By John Ridd - posted Tuesday, 15 January 2013

Irrespective of personal conviction in regards to the reality of Anthropogenic Global Warming it is unarguable that energy production and associated matters are major political, economic, social and environmental issues.

Two books that influenced me over the last year are Thorium, energy cheaper than coal by Robert Hargraves and Radiation and Reason, the Impact of Science on a Culture of Fear by Wade Allison. Both Hargraves and Allison are physicists, both are convinced that AGW constitutes a major threat to the world and both conclude that the major use of some form of nuclear energy is essential. However they emphasise different aspects of energy production as a consequence of their different specialisations.

Allison was originally a nuclear physicist but later moved into the medical applications of physics. He examines the ideas of risk, knowledge and confidence; the atomic nucleus and the fact that most nuclei are stable; and then moves to ionising radiation, its measurement and natural radiation.

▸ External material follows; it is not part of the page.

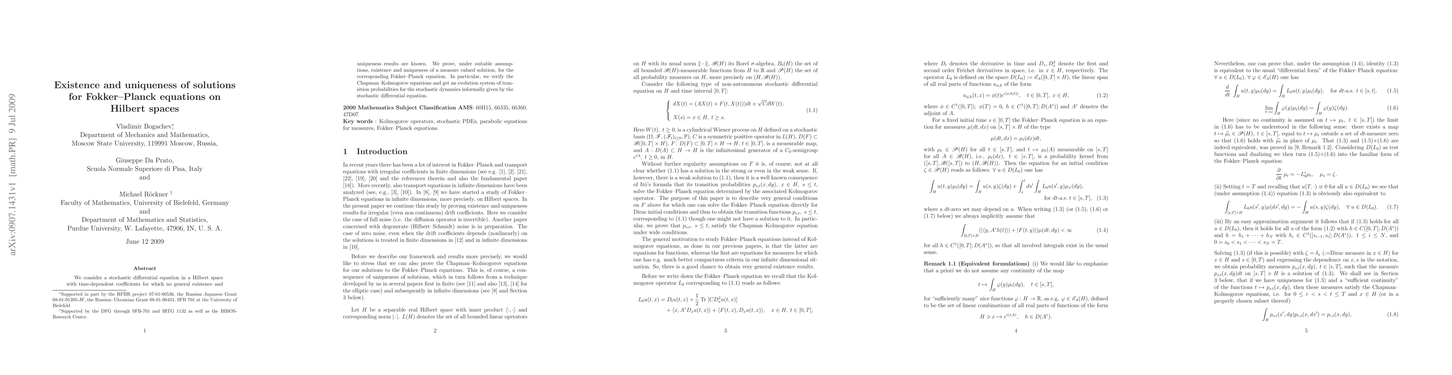 This paper proves existence and uniqueness of measure-valued solutions for Fokker-Planck equations in Hilbert spaces, addressing a gap where no general results previously existed. The study verifies the Chapman-Kolmogorov equations and provides an evolution system for transition probabilities of the associated stochastic dynamics.

In the central chapters 5, 6 and 7, he uses hard data from Hiroshima, Nagasaki and Chernobyl events and nuclear medicine to demonstrate inter alia that any radiation 'dose' below 100 millisieverts (mSv) is not injurious to humans, and that doses are not cumulative. The sample sizes are very large and the data have good accuracy; consequently his conclusions are convincing.

Knowledge of cell and DNA behaviour is used to explain the ways in which the humans (and other living things) have multiple defence mechanisms against damage, whether caused by chemical attack (oxidation) or by ionising radiation. That prevents low doses 'accumulating'.

The back cover of the book says, in part:

  • 'A clear and positive scientific account of the effect of radiation on life that brings good news for the future of mankind'
  • 'For more than half a century the view that radiation represents an extreme hazard has been accepted. This book challenges that view by facing the scientific questions "how dangerous is ionising radiation?" and "why are we so worried about radiation?"'
  • 'The first question is answered in accessible language for the general reader and related directly to modern scientific evidence and understanding. Briefly radiation isabout a thousand times less hazardous than is suggested by current safety standards'. (My emphasis)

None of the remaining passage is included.